Take nothing but the lines from the one with "- T-shirt has" through the one with "Drewniane kadzie z" in the entries below, both ends kept, and return them exactly with pictures left out.

§ **Extracted entries**
——
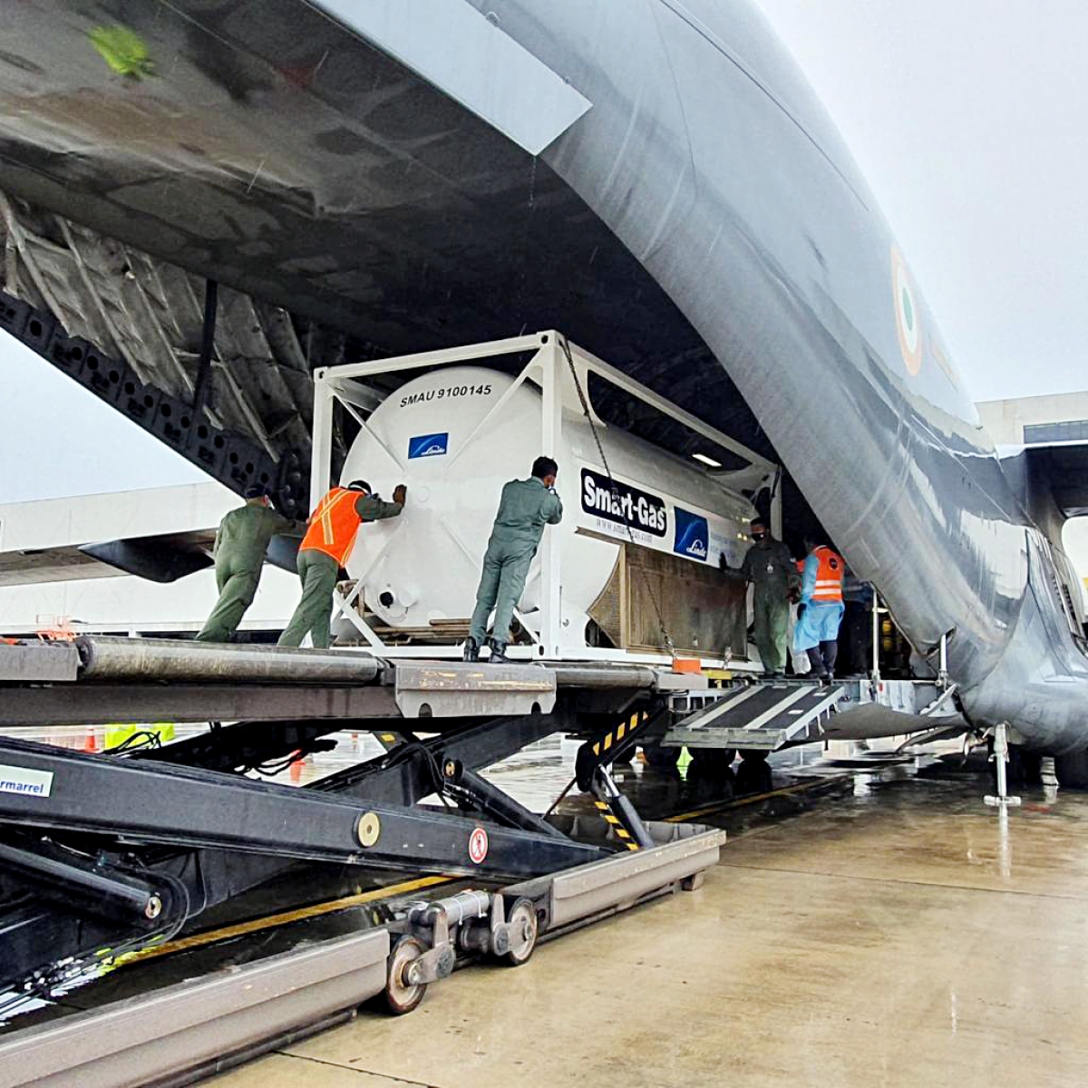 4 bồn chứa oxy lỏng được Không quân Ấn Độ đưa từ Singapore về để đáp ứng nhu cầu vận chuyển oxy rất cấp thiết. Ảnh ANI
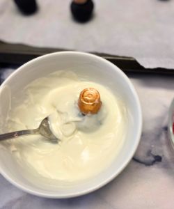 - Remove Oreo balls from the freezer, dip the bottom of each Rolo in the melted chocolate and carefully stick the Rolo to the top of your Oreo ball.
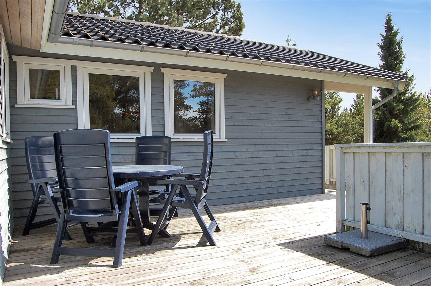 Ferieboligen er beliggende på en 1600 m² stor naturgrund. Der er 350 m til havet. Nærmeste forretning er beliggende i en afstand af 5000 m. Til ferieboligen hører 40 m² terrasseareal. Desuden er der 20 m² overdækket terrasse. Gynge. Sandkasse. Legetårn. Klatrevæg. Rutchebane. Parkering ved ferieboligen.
——
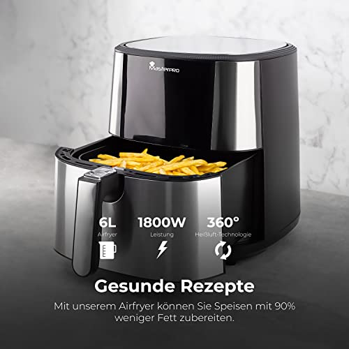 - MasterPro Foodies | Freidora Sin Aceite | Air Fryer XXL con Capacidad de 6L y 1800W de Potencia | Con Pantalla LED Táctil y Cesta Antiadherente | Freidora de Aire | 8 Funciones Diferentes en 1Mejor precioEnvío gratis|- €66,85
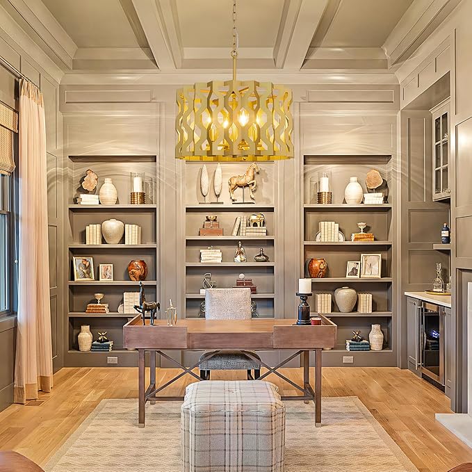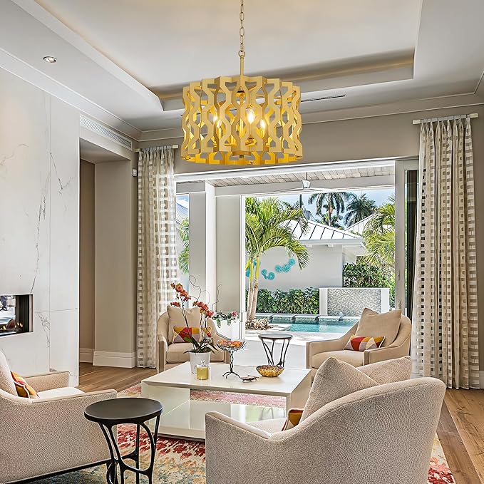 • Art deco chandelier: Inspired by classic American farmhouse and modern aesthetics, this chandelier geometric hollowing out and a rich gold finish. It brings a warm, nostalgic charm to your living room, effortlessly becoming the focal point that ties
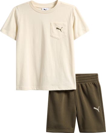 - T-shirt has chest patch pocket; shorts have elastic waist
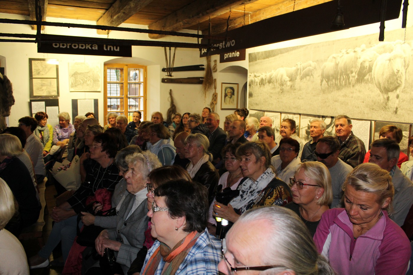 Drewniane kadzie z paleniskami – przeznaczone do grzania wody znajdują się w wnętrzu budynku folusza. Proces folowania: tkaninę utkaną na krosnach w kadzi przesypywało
——
§ **Written answer**
 - T-shirt has chest patch pocket; shorts have elastic waist
 Drewniane kadzie z paleniskami – przeznaczone do grzania wody znajdują się w wnętrzu budynku folusza. Proces folowania: tkaninę utkaną na krosnach w kadzi przesypywało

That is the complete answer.